NEW YORK, NY.- The New-York Historical Society announced the acquisition of archival materials from social justice pioneer and sports icon Billie Jean King, whose groundbreaking career achievements and activism transformed the sport. Highlights from the archive will be featured in the new Center for Women’s History, which will launch as part of the New-York Historical Society’s transformed fourth floor, opening to the public in March 2017.

“Billie Jean King was groundbreaking in her field, and we look forward to celebrating her achievements in our new Center for Women’s History next year, where we will reveal the often-overlooked stories of women who had an impact on American history,” said Dr.
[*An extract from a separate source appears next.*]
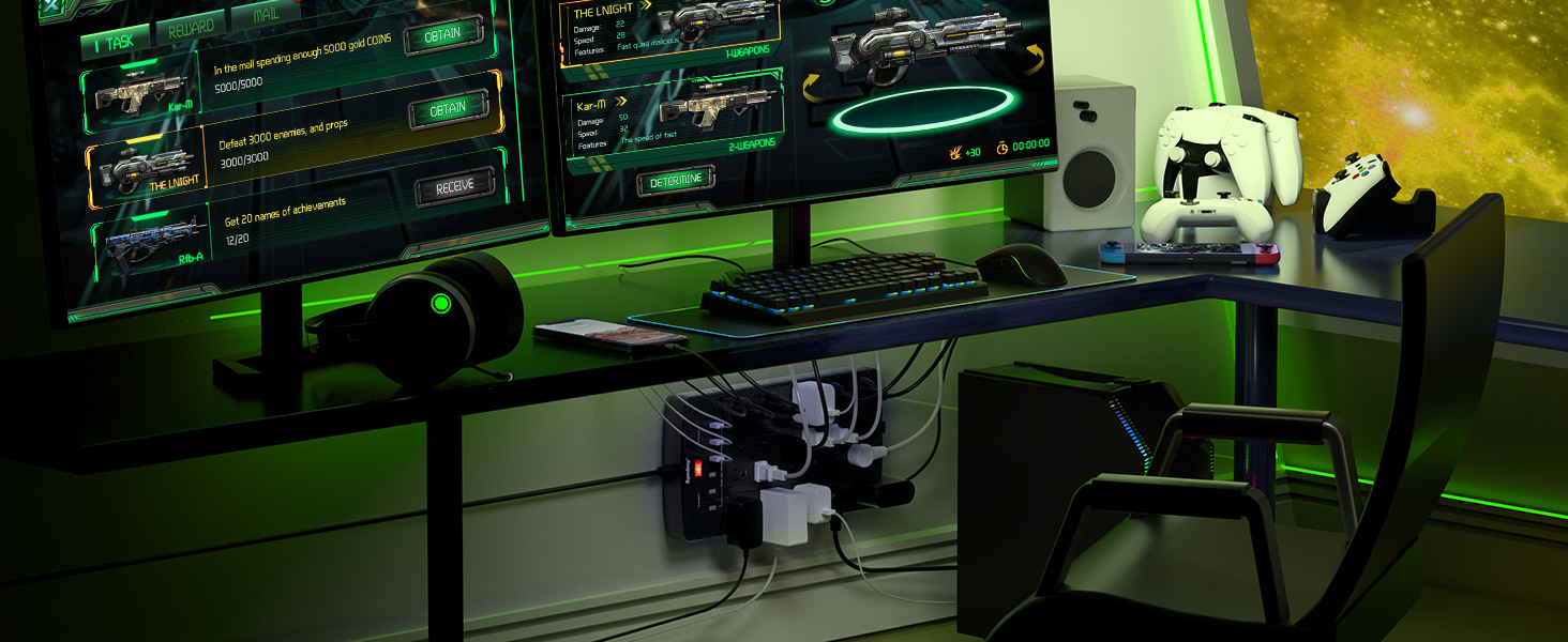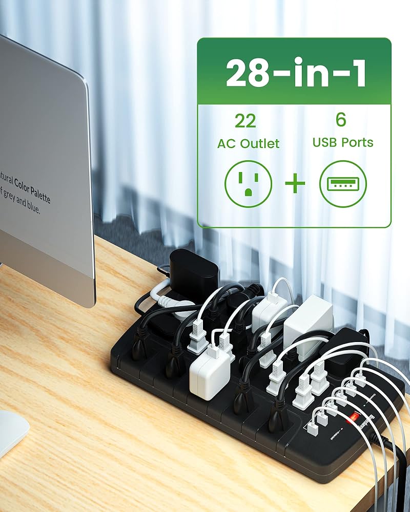 • شريط طاقة 28 في 1: 22 منفذًا مؤرضًا ثلاثي الشقوق و6 منافذ USB تعمل على تشغيل جميع الأجهزة في مكان واحد، رائعة لشحن أجهزة متعددة مثل أنظمة الألعاب والتليفزيون والأصوات المحيطية وجهاز التوجيه ومحطات الشحن لأجهزة التحكم والهواتف والأجهزة اللوحية وأجهزة الكمبيوتر المحمولة.
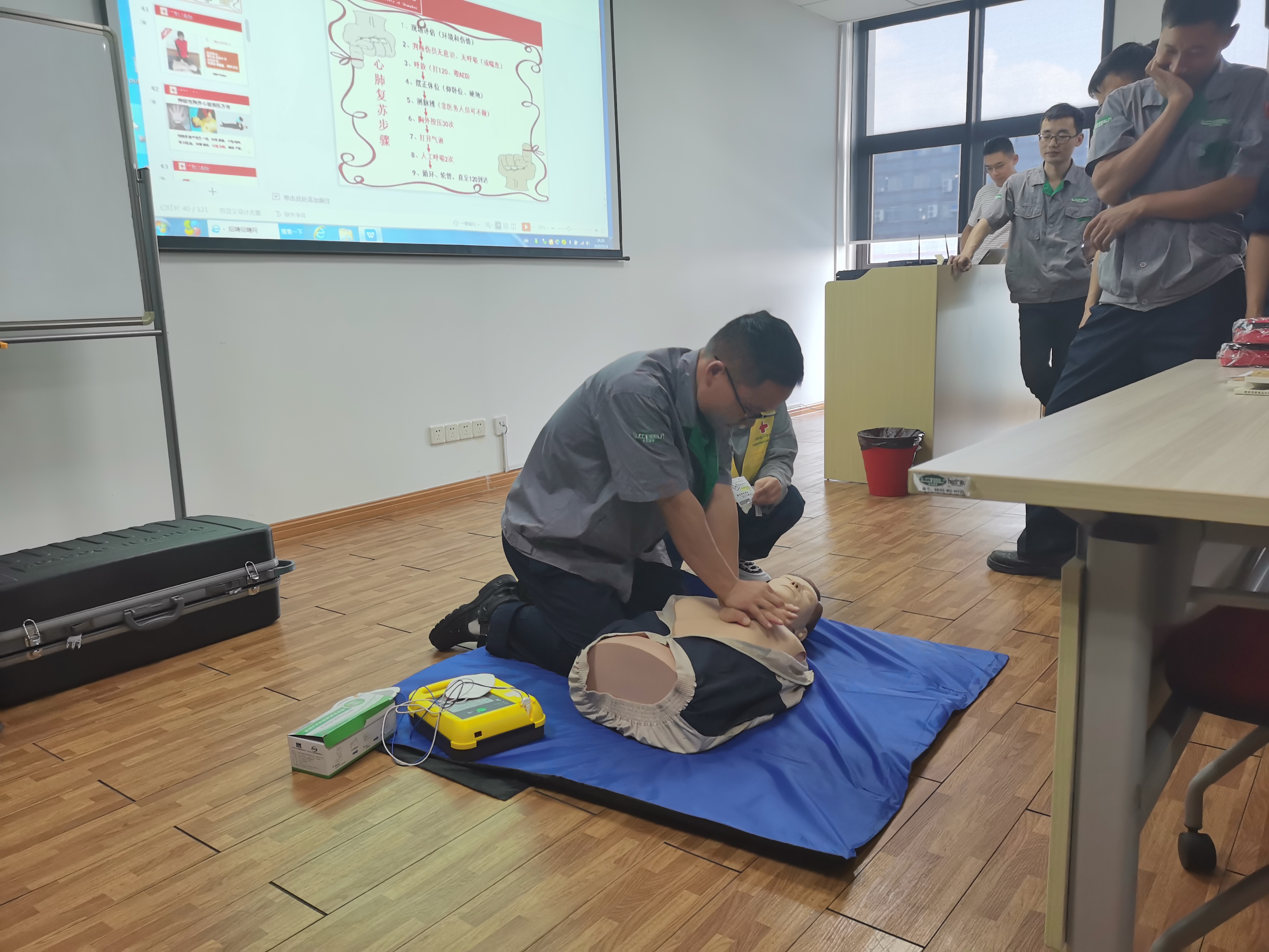 培训中,红十字救护培训师资吴佳燕详细讲解了现场救护、心肺复苏、人工呼吸等紧急救护的方法、步骤及注意事项,并用人体仿真模型进行心肺复苏术示范演示,示范了如何呼叫昏迷患者,如何打开患者口腔气道进行人工呼吸及心脏按压的规范手势、力度等要点。

Louise Mirrer, president and CEO of the New-York Historical Society. “Women’s history is an important topic for everyone to learn, and women’s achievements have benefitted everyone―not only women―so we are immensely grateful to Billie Jean for sharing these treasured items to help tell this important story.”

The gift of the Billie Jean King archive to New-York Historical comprises 28 linear feet of documents and 12 objects from her storied, 39 Grand Slam title-winning career. A pioneer for gender equality and social justice, King lobbied for, and obtained, equal prize money for men and women at the US Open in 1973, and is renowned for her celebrated win over Bobby Riggs in the “Battle of the Sexes” match on September 20, 1973.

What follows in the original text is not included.